Il poussa une porte dissimulée par un petit porche qui la plongeait dans l'ombre de la ruelle, il pénètra dans un lieu humide, avec un bureau rongé par la moisissure... un endroit bien connu de l'Ex-Gyousha, régit par un homme qui, pour rien au monde, ne trahirais sa parole, ni sa volonté... bien qu'il fut accueilli comme à son habitude par un gobelet rempli d'alcool qu'on lui lança en pleine poire.
Il n'eut ni la vivacité, ni la volonté nécessaire pour l'esquiver... ce qui posa un dilemme moral au lanceur qui, troqua son expression colérique, pour un visage plein d'empathie. Budô l'artificier se tenait là, face à Seijaku, triste comme lui, repensant au massacre commis par Takeshi et ses hommes. Se levant de son siège sans un bruit, il vint réconforter le Shinryo, posant une main sur son épaule en signe de compassion et Seijaku lui rendit la pareil, en acquiescant d'un hochement de tête, signe que tout allait bien, malgré tout.
Il prit la parole, d'une voix monocorde. « Budô... je vais encore avoir besoin de toi. » Il ôtait son Haori, et dévoila son nouveau costume noir, à l'image de sa chevelure où le blason du clan Shinnin brodé sur son dos avait été remplacé par les Kanjis 神慮 « Je sais... encore, mais je n'ai pas le choix... le Kyu San Boryoku n'est plus, avec lui ma sphère d'influence... alors, je vais avoir besoin de toi pour transmettre un message. » Le visage de Budô s'écarquilla, mais Seijaku ne lui laissa pas la chance de placer un mot. « Tu vas faire passer un message à tous les élus... dis leur de nous rejoindre ici, chez toi. Dis leur également que c'est Shinryo Seijaku qui les convoques, que désormais... » Il marqua une pause, la suite de ses paroles suscitaient en lui une haine extrême. « Fais leur comprendre à tous, que s'ils ne me rejoignent pas... alors je les détruirais, tout comme j'ai l'intention de détruire Bo Takeshi et son empire, que je comptes anéantir la moindre parcelle de l'influence Shinnin dans le quartier des épices... Oui, Budô... fais leur comprendre que nous sommes en guerre... et qu'ils doivent choisir un camp. »
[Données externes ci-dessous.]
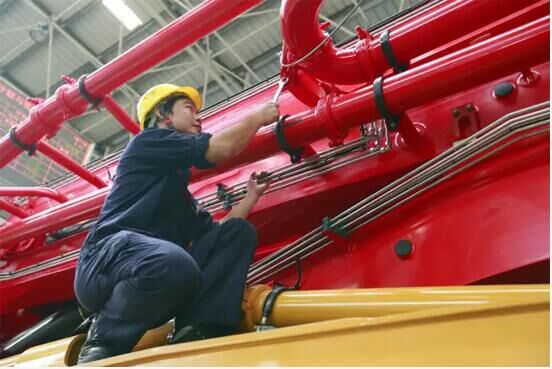 由于泵車生產(chǎn)線是高度柔性化的生產(chǎn),產(chǎn)品型號有37米、49米、56米、66米、86米等幾十種型號,還要滿足客戶的各種定制化需求,這就要求工人們在熟練掌握每一款產(chǎn)品的標準化作業(yè)同時,牢記每一顆螺母、每一根膠管、每一個閥塊的正確安裝方法,對泵車制造工藝做到了然于心,用最快的速度保證每一臺泵車的順利下線。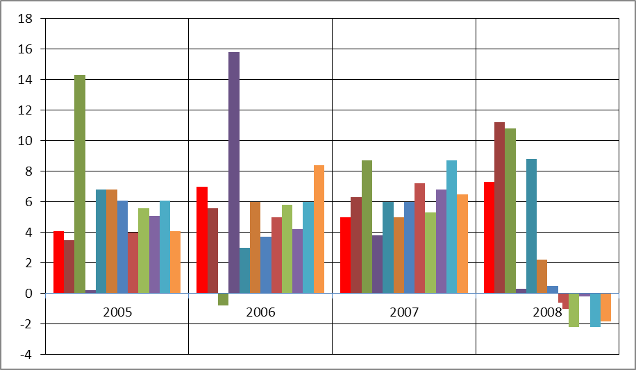 Рисунок 2 - Рост прибытий в % по сравнению с тем же периодом предыдущего года 2007, 2008 гг. (UNWTO Tourism Barometer. Edition 2009_01)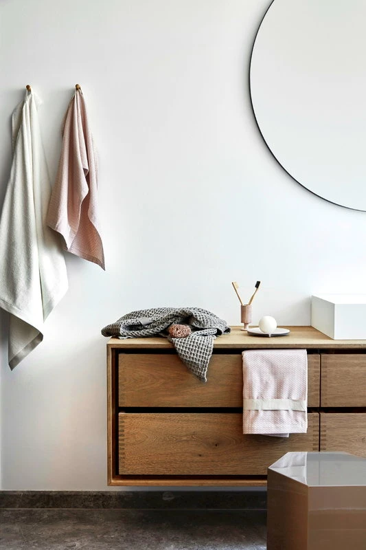 The Organic Companyn Big Waffle -jättipyyhe tuo kylpyhuoneeseen modernia ilmettä ja rentoa tunnelmaa. Vohvelikuvioinen jättipyyhe on valmistettu GOTS-sertifioidusta luomupuuvillasta, ja suuren kokonsa ansiosta monikäyttöinen pyyhe sopii myös torkkupeitoksi tai piknik-alustaksi.

A la suite de ses paroles, Seijaku vint prendre place dans le fauteuil de Budô, qui lui céda sans rechigner. Conscient que malgré son exil, Seijaku restait celui qui l'avait toujours tiré des mauvais coups, malgré son attitude catastrophique et sa manie de tout faire exploser. Qu'il l'avait couvert dans toutes ses bassesses, qu'au fil du temps... il était l'homme le plus proche de ce qu'il pouvait appeler " Un ami. "
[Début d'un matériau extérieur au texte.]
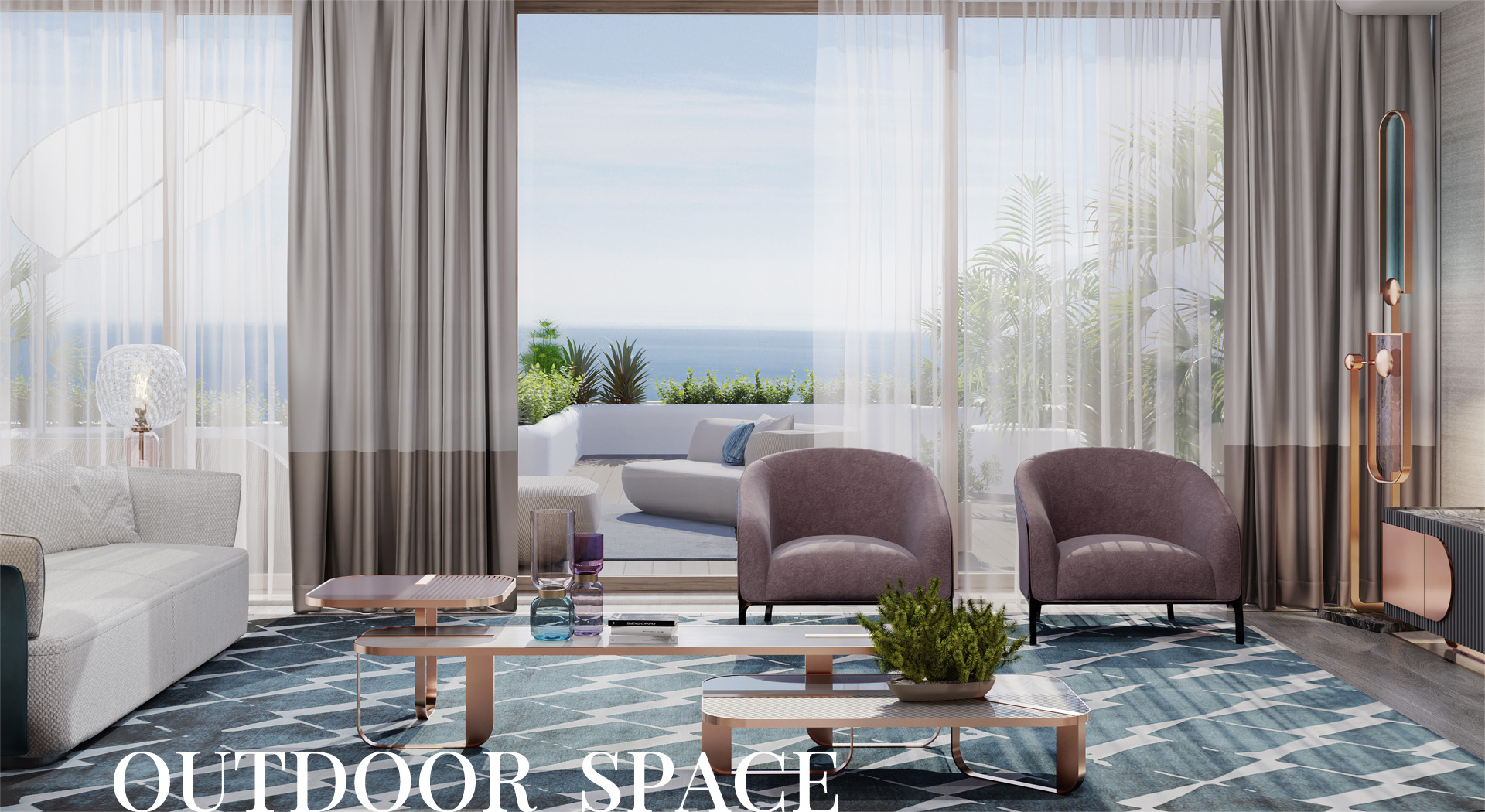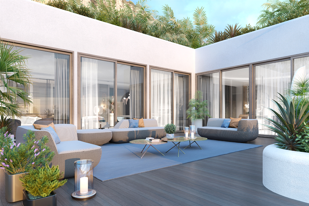 A private terrace is an essential continuation of the interior, creating an additional separate area for outdoor recreation.

La guerre pour le quartier des épices est sur le point de commencer, tout les élus du clan Shinnin sont convoqués pour faire valoir leur allégeance à la Cité Noire... un refus de présence sera considéré comme une affiliation à Bo Takeshi... et par la même occasion, une offense personnelle. Ou vous êtes avec nous, ou vous êtes contre nous.